- Aim of the exercise -
Would you write out the listing verbatim and skip every picture in it?

- Material provided -
*-*-*
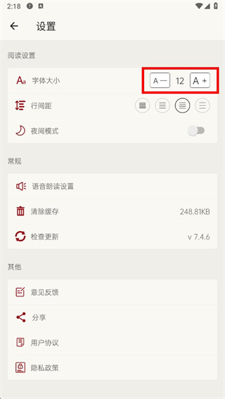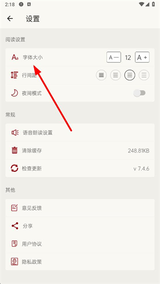 3、在設(shè)置界面里,找到字體大小的選項(xiàng)設(shè)置。
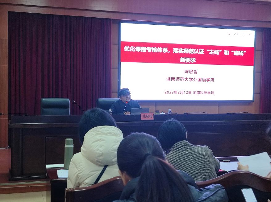 2月14日,陈敏哲教授以《英语师范专业二级认证现场考查面面观》为题,为英语师范专业认证工作核心小组作专题培训。他从专家组进校考查目的和任务、考查重点、现场考查的关注点等方面进行讲解,并就认证材料准备等具体工作进行了详尽指导。
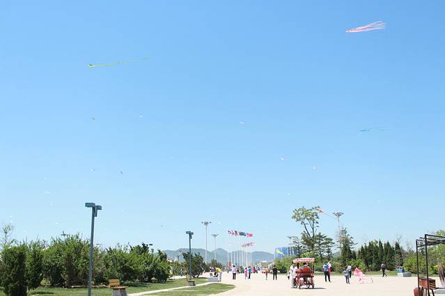 酒店定在了火车站附近,将行李寄存在那里,才出发去我们的目的地——金沙滩! 从火车站到轻轨站,途径一条步行街,路上很多卖樱桃和杨桃的,红的诱人。由于坐错车,经过一小时左右的车程,终于来到金沙滩。下了轻轨、便到处是拉客的出租司机,忽悠我们说到海边还要十几公里。于是我们去找了比较正规的观光车,5块钱/人,却走了不到十分钟就让我们下车了。没错,到了。虽然没花几块钱,却觉得亏大了。 下车后,先是远远地便看到在天空中飞舞的五颜六色的风筝,天气出奇的好,天空蓝的很美。一路走到头,便看到了黄金海岸的标志。整个人都兴奋了起来,飞奔着向前。
*-*-*
- Response -
 3、在設(shè)置界面里,找到字體大小的選項(xiàng)設(shè)置。
 2月14日,陈敏哲教授以《英语师范专业二级认证现场考查面面观》为题,为英语师范专业认证工作核心小组作专题培训。他从专家组进校考查目的和任务、考查重点、现场考查的关注点等方面进行讲解,并就认证材料准备等具体工作进行了详尽指导。
 酒店定在了火车站附近,将行李寄存在那里,才出发去我们的目的地——金沙滩! 从火车站到轻轨站,途径一条步行街,路上很多卖樱桃和杨桃的,红的诱人。由于坐错车,经过一小时左右的车程,终于来到金沙滩。下了轻轨、便到处是拉客的出租司机,忽悠我们说到海边还要十几公里。于是我们去找了比较正规的观光车,5块钱/人,却走了不到十分钟就让我们下车了。没错,到了。虽然没花几块钱,却觉得亏大了。 下车后,先是远远地便看到在天空中飞舞的五颜六色的风筝,天气出奇的好,天空蓝的很美。一路走到头,便看到了黄金海岸的标志。整个人都兴奋了起来,飞奔着向前。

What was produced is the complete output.